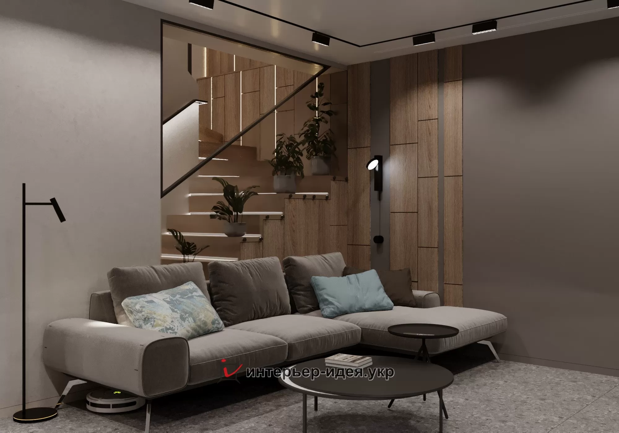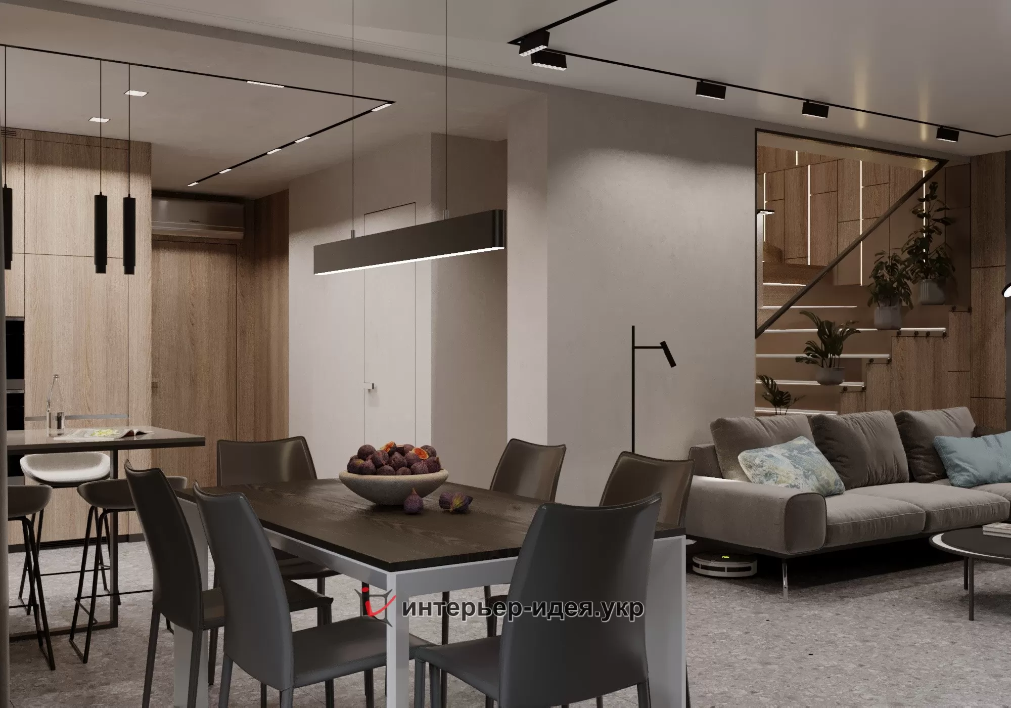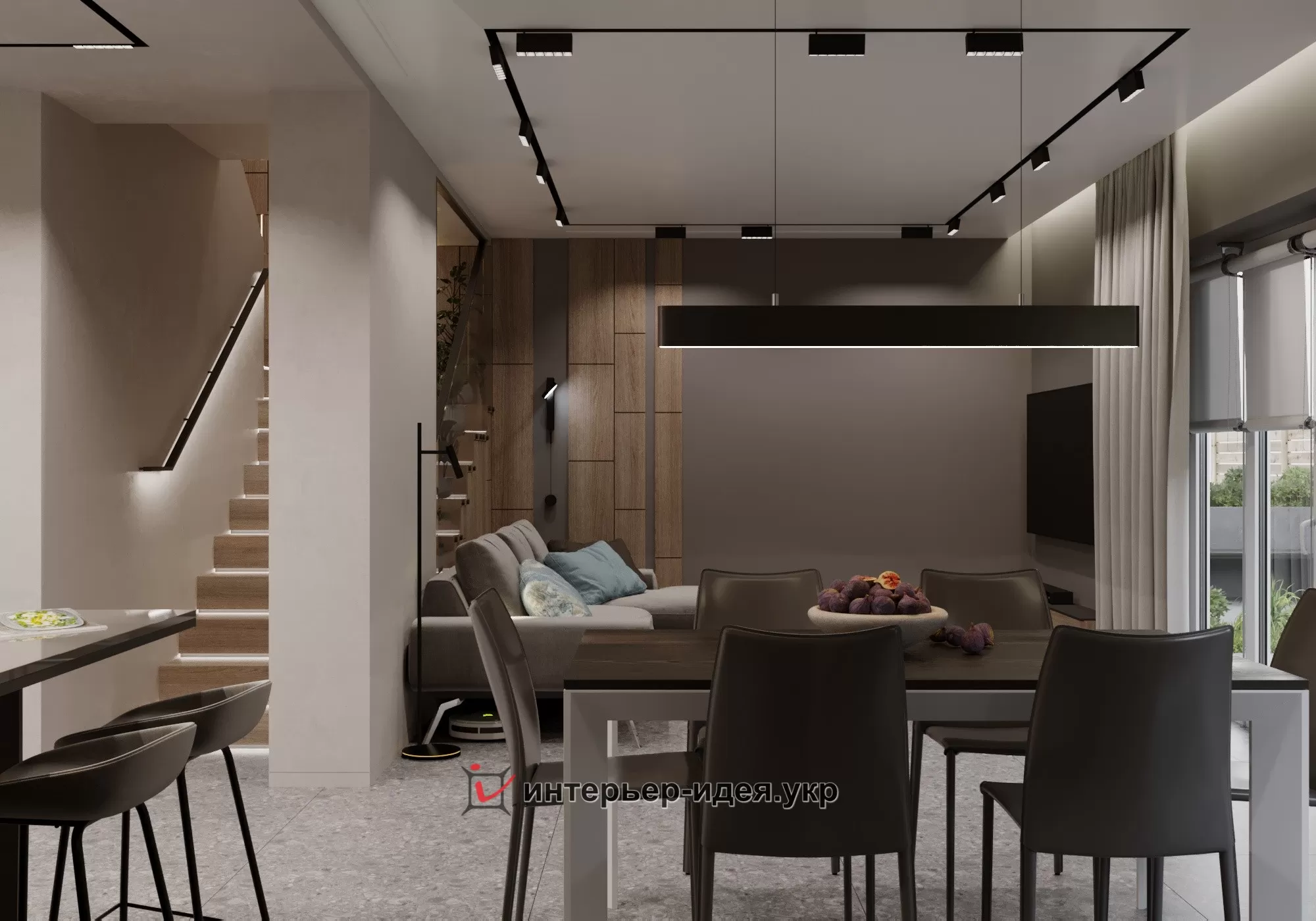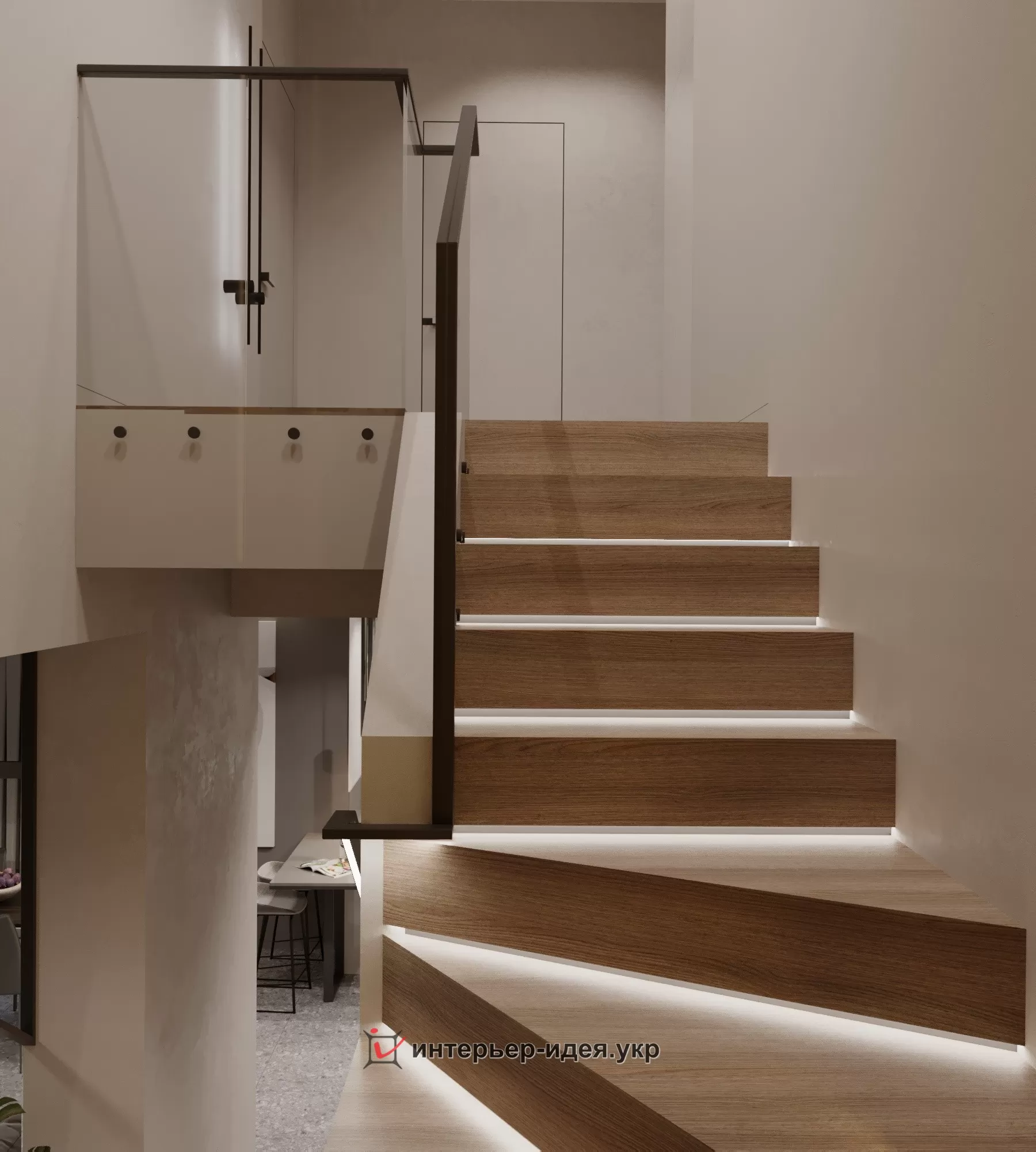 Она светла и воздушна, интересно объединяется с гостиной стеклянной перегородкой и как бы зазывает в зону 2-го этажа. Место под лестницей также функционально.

...

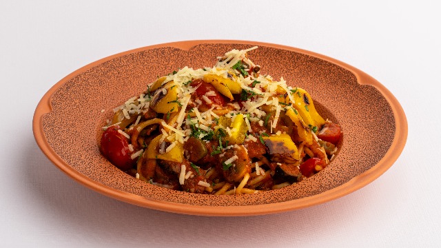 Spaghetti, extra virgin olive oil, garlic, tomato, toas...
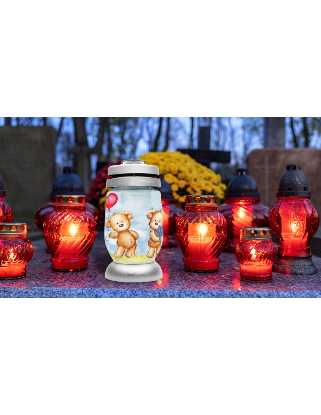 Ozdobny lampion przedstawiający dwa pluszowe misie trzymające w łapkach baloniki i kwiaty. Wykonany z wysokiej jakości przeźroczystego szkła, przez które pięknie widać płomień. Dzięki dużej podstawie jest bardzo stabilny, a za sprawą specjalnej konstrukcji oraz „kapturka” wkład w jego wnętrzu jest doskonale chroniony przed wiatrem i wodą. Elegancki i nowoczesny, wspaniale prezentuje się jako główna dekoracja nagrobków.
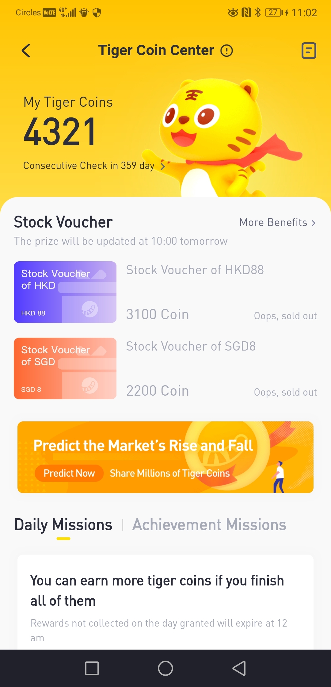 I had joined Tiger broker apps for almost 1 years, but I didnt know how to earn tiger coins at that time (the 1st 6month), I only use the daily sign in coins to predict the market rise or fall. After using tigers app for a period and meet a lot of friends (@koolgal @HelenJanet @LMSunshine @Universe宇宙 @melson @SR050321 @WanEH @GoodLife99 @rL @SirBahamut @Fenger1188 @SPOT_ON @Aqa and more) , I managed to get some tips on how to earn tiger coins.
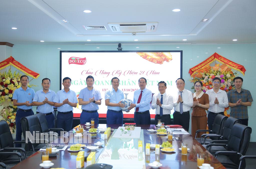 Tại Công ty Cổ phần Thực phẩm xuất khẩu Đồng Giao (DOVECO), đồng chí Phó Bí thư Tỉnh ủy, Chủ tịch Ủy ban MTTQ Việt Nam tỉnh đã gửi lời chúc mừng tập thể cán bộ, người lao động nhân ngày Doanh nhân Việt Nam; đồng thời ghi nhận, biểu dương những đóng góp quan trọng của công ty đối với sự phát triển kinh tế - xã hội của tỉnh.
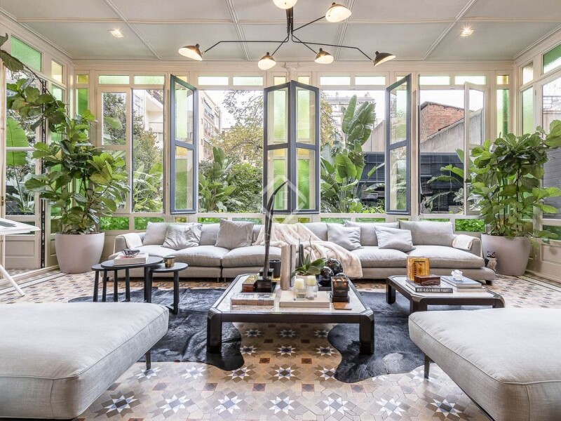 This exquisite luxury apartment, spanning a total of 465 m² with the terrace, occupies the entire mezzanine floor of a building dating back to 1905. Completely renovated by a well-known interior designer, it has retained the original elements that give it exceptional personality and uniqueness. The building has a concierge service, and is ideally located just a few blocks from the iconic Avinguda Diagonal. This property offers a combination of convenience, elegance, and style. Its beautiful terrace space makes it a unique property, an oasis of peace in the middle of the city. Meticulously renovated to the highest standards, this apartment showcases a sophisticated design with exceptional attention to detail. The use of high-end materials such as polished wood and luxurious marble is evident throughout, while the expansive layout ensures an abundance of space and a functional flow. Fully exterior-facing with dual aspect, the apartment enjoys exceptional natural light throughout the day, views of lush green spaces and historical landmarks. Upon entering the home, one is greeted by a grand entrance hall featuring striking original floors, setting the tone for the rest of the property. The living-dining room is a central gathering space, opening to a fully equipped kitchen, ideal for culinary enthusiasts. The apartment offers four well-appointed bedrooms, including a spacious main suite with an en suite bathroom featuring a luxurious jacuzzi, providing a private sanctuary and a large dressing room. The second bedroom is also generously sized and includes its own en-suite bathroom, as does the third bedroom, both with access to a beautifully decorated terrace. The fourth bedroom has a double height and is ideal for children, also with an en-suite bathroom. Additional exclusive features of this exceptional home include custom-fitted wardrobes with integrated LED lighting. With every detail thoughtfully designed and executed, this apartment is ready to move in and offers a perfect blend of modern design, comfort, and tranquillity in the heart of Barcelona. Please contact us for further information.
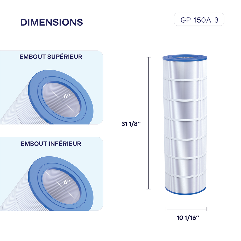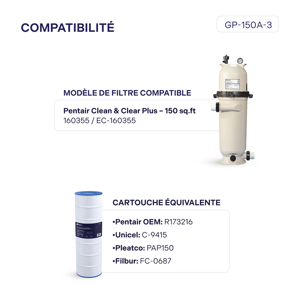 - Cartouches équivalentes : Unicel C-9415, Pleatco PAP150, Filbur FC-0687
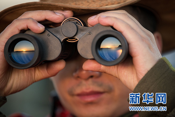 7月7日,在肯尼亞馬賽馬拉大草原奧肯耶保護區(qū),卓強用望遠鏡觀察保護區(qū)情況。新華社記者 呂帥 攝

---

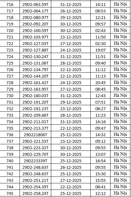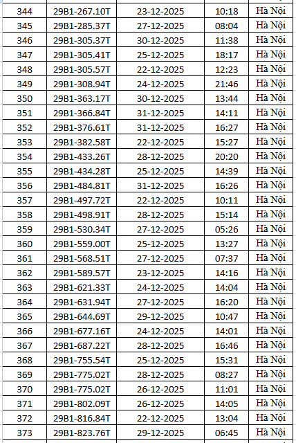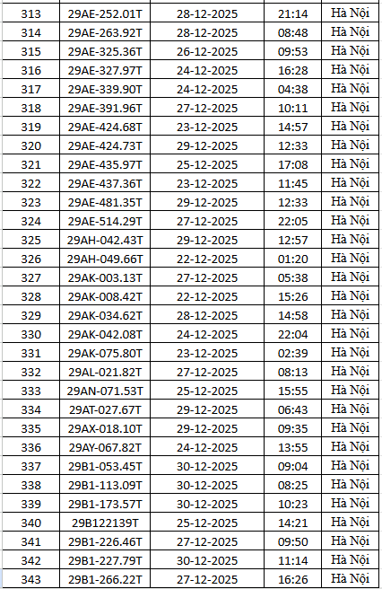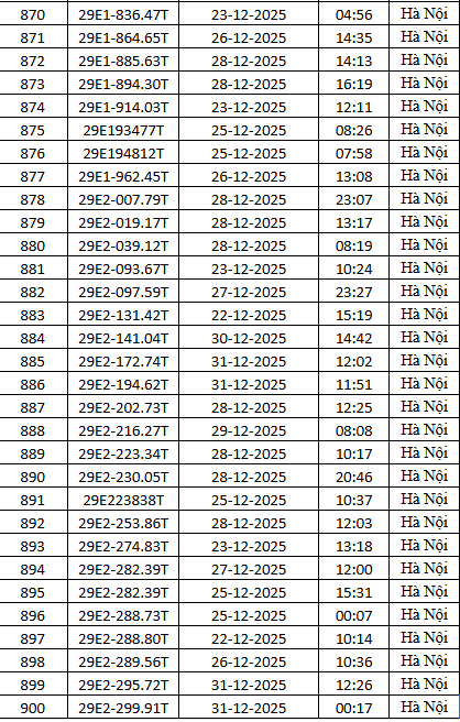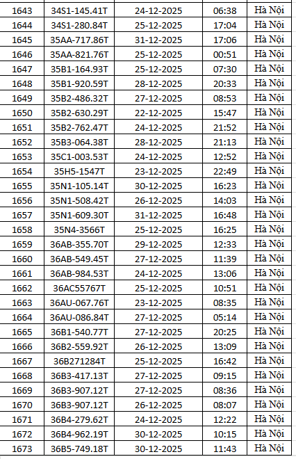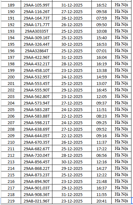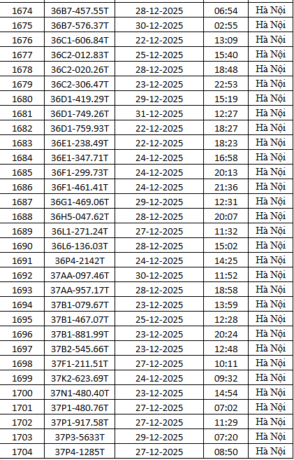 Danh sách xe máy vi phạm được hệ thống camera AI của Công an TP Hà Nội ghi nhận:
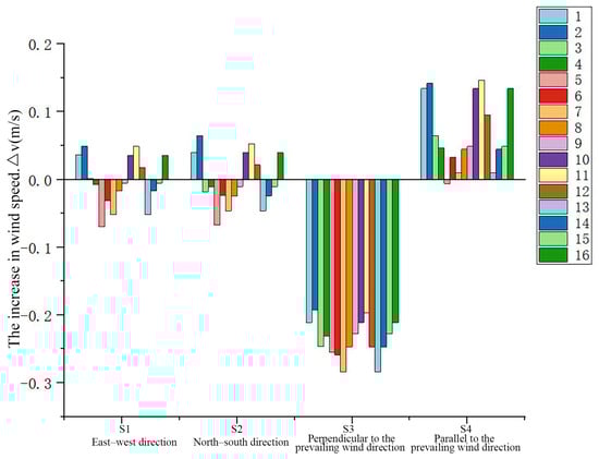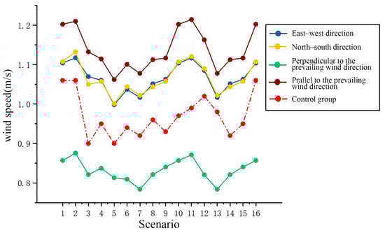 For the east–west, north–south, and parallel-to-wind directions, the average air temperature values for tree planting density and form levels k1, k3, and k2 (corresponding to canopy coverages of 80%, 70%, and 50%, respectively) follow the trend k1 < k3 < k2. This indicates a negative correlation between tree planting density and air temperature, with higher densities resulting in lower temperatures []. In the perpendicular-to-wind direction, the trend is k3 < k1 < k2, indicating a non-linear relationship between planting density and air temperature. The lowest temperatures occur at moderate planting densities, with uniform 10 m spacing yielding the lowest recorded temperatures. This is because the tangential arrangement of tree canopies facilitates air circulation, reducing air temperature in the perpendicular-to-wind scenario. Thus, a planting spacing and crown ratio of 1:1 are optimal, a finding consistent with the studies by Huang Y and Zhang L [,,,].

What to do
Please output the lines above beginning at the line with "Danh sách xe" and ending after the line with "For the east–west, north–south, and", precisely as written and with no pictures.

Task solution
 Danh sách xe máy vi phạm được hệ thống camera AI của Công an TP Hà Nội ghi nhận:
 For the east–west, north–south, and parallel-to-wind directions, the average air temperature values for tree planting density and form levels k1, k3, and k2 (corresponding to canopy coverages of 80%, 70%, and 50%, respectively) follow the trend k1 < k3 < k2. This indicates a negative correlation between tree planting density and air temperature, with higher densities resulting in lower temperatures []. In the perpendicular-to-wind direction, the trend is k3 < k1 < k2, indicating a non-linear relationship between planting density and air temperature. The lowest temperatures occur at moderate planting densities, with uniform 10 m spacing yielding the lowest recorded temperatures. This is because the tangential arrangement of tree canopies facilitates air circulation, reducing air temperature in the perpendicular-to-wind scenario. Thus, a planting spacing and crown ratio of 1:1 are optimal, a finding consistent with the studies by Huang Y and Zhang L [,,,].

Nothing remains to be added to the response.